BWRH-Mitglied vor Gericht – Verhandlungstag Fünfzehn

Hallo Hansafans,

in der vergangen Woche wurde das Verfahren gegen unser Mitglied an drei Tagen fortgesetzt, so dass nun bereits 17 mal verhandelt wurde.

Am Montag, den 19.10. 2015 sagten drei Polizeibeamte aus. Zunächst die Zeugen Zilli und Billi (Namen von der BWRH geändert), welche die Durchsuchung der Wohnung des Angeklagten durchgeführt, diesen erkennungsdienstlich behandelt und die „Befragung“ des Zeugen C. in der JVA Bützow durchgeführt hatten. Im Anschluss wurde der Zeuge Willi (Name von der BWRH geändert) vernommen, welcher Auskünfte zur Fanszene des FC Hansa Rostock geben sollte.

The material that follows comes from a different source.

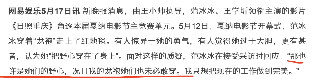 范冰冰自然也不會善罷甘休。她在採訪中回應:“那是她們的野心。我的龍袍她們未必敢穿。”(看,以前的頭條多有料)

Die ersten beiden Beamten boten dem Gericht zwei völlig identische Aussagen. Beide begannen ihre Ausführungen damit, dass sie sehr erstaunt darüber gewesen wären, in der Wohnung des Angeklagten keine Hinweise darauf gefunden zu haben, dass dieser dem FC Hansa nahe stehe. Lediglich ein Aufkleber, der eine fehlende Scheibe an der Tür ersetzte und die Eintrittskarten zum Spiel gegen Dynamo Dresden und bei Rot Weiß Erfurt, welche auf dem Küchentisch lagen, ließen darauf schließen, dass der Angeklagte Interesse am Verein habe, so die Zeugen.

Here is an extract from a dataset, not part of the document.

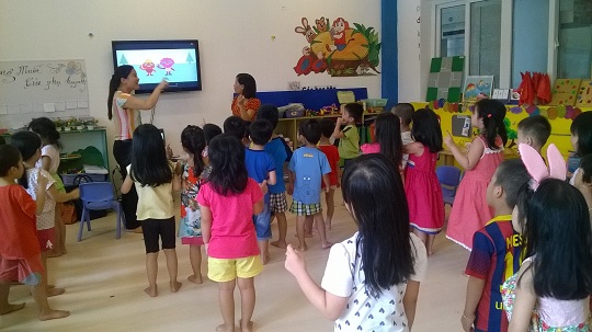 Chỉ sau ba buổi học được Ms Trang và Ms Mỹ hướng dẫn thông qua những hình ảnh sinh động, những trò chơi tương tác như Matching game, Jumping game và trò chơi được thiết kế trên Powerpoint như Word game, các bé đã có thể kể tên những vật dụng trong nhà mà bé đã được học và còn có thể kể chính xác được vật dụng đó nằm trong phòng nào trong ngôi nhà của bé nữa đó. Nhiều bé còn giơ tay thật cao xung phong lên bảng để xếp các vật dụng đó vào các phòng giống như trong nhà của bé để nhận được thật nhiều stickers thật đẹp để về khoe với ba mẹ.

Den geschulten Augen des Publikums und der Verteidigung fielen hingegen deutlich mehr Sympathiebekundungen des Angeklagten in seinen vier Wänden auf, als diese der Öffentlichkeit in diversen Bildern gezeigt wurden. So waren auf den Fotos Wimpel, diverse Aufkleber der Fanszene sowie eine 1,5m große Fahne des FC Hansa Rostock zu erkennen. Der Fokus der Beamten lag offensichtlich darauf, herauszustellen, dass der Angeklagte vermeintlich kritisch „gegenüber Staat und Polizei“ eingestellt sei, wie sie beispielsweise anhand von Postkarten mit Zitaten von Berthold Brecht oder Aufklebern versuchten zu belegen. Berthold Brecht zählt in jeder deutschen Schule zur Standardlektüre. Mehr ist zu dieser Deutung der Beamten aus unserer Sicht nicht zu sagen.

Abschließend folgte eine Auflistung der gefunden Kleidungsstücke, wobei beide Beamten aussagten, dass die gesuchten und die dem Täter zugeordneten Kleidungsstücke sowie ein vermeintliches Tatwerkzeug nicht gefunden worden waren. Auch das Fahrzeug des Angeklagten hätte man bisher nicht gefunden.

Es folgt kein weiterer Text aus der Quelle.